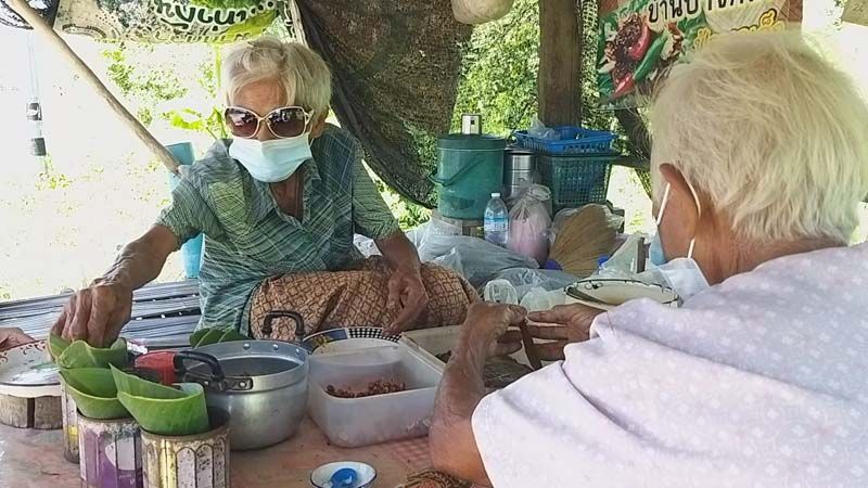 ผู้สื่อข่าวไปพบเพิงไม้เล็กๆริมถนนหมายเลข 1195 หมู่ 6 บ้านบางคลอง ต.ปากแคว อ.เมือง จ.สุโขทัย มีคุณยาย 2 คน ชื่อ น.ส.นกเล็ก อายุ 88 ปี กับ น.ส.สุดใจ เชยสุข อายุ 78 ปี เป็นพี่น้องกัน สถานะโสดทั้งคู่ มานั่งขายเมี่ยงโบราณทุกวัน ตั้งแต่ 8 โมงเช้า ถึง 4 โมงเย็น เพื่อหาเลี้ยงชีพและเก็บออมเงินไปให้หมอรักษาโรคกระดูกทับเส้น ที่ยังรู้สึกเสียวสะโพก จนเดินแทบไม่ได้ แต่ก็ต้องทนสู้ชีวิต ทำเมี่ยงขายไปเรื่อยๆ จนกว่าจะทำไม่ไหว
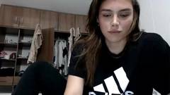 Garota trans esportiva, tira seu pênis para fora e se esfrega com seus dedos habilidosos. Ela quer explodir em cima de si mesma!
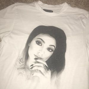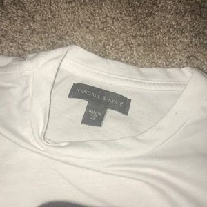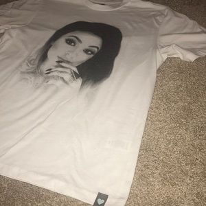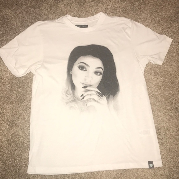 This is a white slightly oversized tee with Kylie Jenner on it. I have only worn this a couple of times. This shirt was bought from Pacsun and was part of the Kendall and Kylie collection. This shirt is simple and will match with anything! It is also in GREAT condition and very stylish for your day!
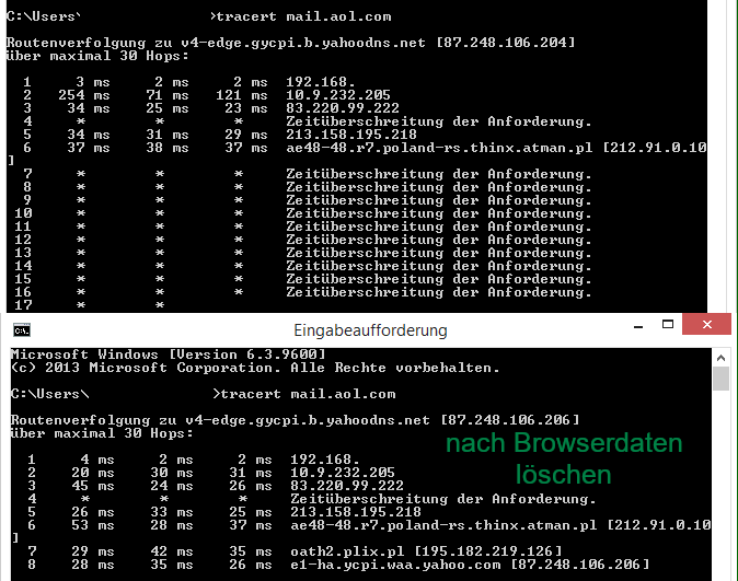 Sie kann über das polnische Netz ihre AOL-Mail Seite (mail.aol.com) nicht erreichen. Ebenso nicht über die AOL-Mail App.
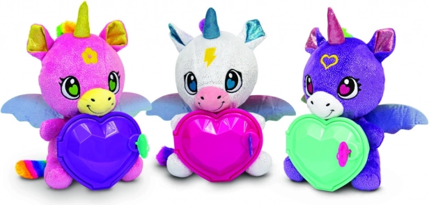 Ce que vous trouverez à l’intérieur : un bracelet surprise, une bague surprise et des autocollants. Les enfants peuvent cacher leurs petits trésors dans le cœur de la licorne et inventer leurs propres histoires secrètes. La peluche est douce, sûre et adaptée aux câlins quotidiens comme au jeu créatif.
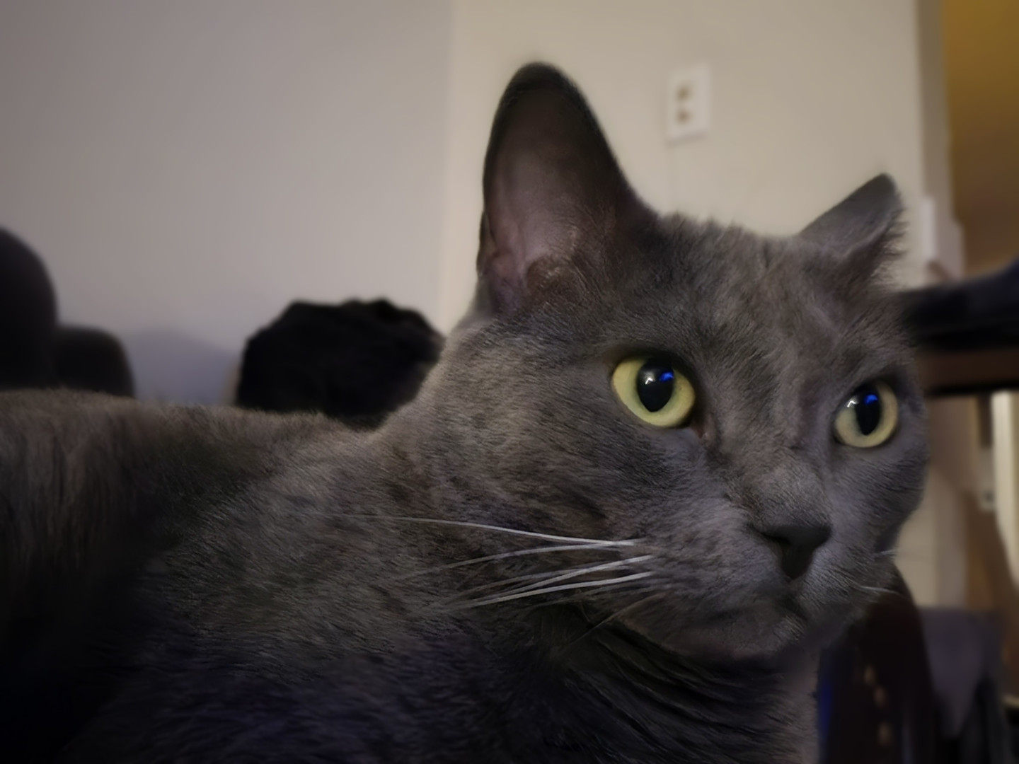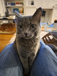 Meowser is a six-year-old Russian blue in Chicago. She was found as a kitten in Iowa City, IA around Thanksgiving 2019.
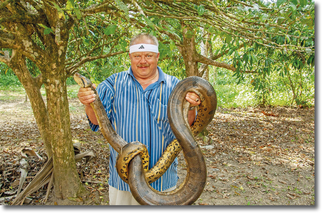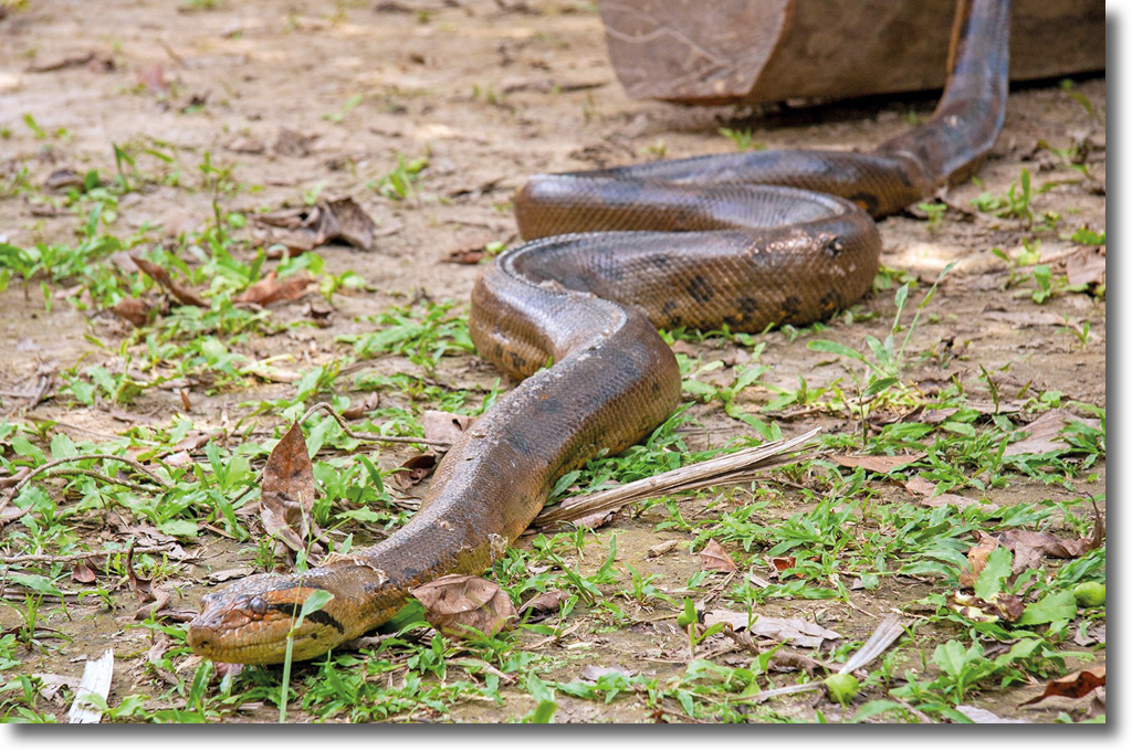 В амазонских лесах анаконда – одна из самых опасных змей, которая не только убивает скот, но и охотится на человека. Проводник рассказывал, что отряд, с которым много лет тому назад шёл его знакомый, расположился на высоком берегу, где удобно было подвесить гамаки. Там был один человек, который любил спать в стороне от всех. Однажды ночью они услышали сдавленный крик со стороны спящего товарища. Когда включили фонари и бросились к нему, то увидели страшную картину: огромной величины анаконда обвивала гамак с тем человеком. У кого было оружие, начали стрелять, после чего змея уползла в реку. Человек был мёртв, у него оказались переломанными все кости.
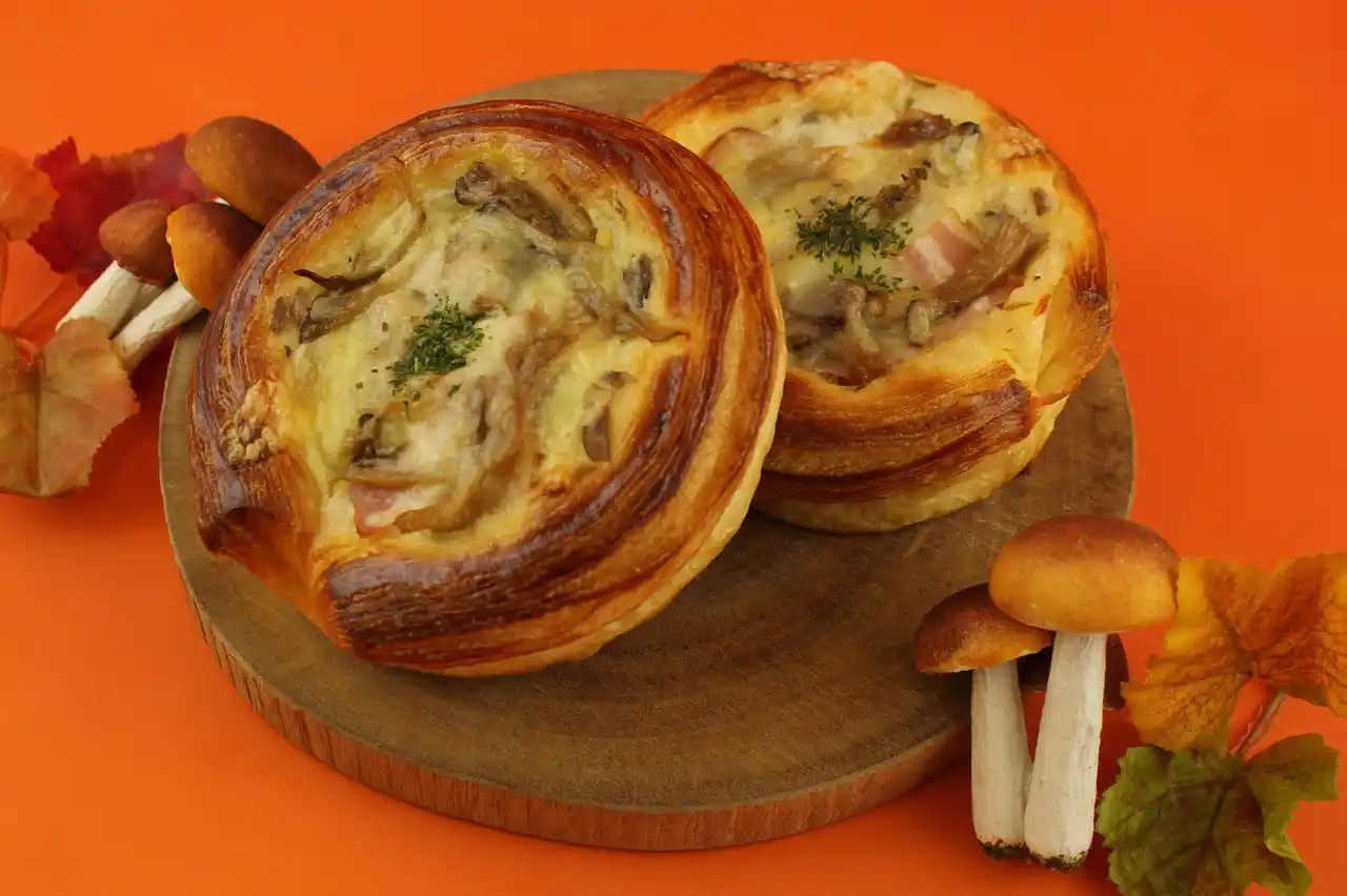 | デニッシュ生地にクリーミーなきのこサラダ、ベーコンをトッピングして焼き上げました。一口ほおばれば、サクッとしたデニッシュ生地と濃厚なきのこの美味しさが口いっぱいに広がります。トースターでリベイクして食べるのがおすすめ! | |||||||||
::::::
■ What is needed ■
Set the entries down again exactly. Do not include the images.

■ Expected answer ■
 ผู้สื่อข่าวไปพบเพิงไม้เล็กๆริมถนนหมายเลข 1195 หมู่ 6 บ้านบางคลอง ต.ปากแคว อ.เมือง จ.สุโขทัย มีคุณยาย 2 คน ชื่อ น.ส.นกเล็ก อายุ 88 ปี กับ น.ส.สุดใจ เชยสุข อายุ 78 ปี เป็นพี่น้องกัน สถานะโสดทั้งคู่ มานั่งขายเมี่ยงโบราณทุกวัน ตั้งแต่ 8 โมงเช้า ถึง 4 โมงเย็น เพื่อหาเลี้ยงชีพและเก็บออมเงินไปให้หมอรักษาโรคกระดูกทับเส้น ที่ยังรู้สึกเสียวสะโพก จนเดินแทบไม่ได้ แต่ก็ต้องทนสู้ชีวิต ทำเมี่ยงขายไปเรื่อยๆ จนกว่าจะทำไม่ไหว
 Garota trans esportiva, tira seu pênis para fora e se esfrega com seus dedos habilidosos. Ela quer explodir em cima de si mesma!
 This is a white slightly oversized tee with Kylie Jenner on it. I have only worn this a couple of times. This shirt was bought from Pacsun and was part of the Kendall and Kylie collection. This shirt is simple and will match with anything! It is also in GREAT condition and very stylish for your day!
 Sie kann über das polnische Netz ihre AOL-Mail Seite (mail.aol.com) nicht erreichen. Ebenso nicht über die AOL-Mail App.
 Ce que vous trouverez à l’intérieur : un bracelet surprise, une bague surprise et des autocollants. Les enfants peuvent cacher leurs petits trésors dans le cœur de la licorne et inventer leurs propres histoires secrètes. La peluche est douce, sûre et adaptée aux câlins quotidiens comme au jeu créatif.
 Meowser is a six-year-old Russian blue in Chicago. She was found as a kitten in Iowa City, IA around Thanksgiving 2019.
 В амазонских лесах анаконда – одна из самых опасных змей, которая не только убивает скот, но и охотится на человека. Проводник рассказывал, что отряд, с которым много лет тому назад шёл его знакомый, расположился на высоком берегу, где удобно было подвесить гамаки. Там был один человек, который любил спать в стороне от всех. Однажды ночью они услышали сдавленный крик со стороны спящего товарища. Когда включили фонари и бросились к нему, то увидели страшную картину: огромной величины анаконда обвивала гамак с тем человеком. У кого было оружие, начали стрелять, после чего змея уползла в реку. Человек был мёртв, у него оказались переломанными все кости.
 | デニッシュ生地にクリーミーなきのこサラダ、ベーコンをトッピングして焼き上げました。一口ほおばれば、サクッとしたデニッシュ生地と濃厚なきのこの美味しさが口いっぱいに広がります。トースターでリベイクして食べるのがおすすめ! | |||||||||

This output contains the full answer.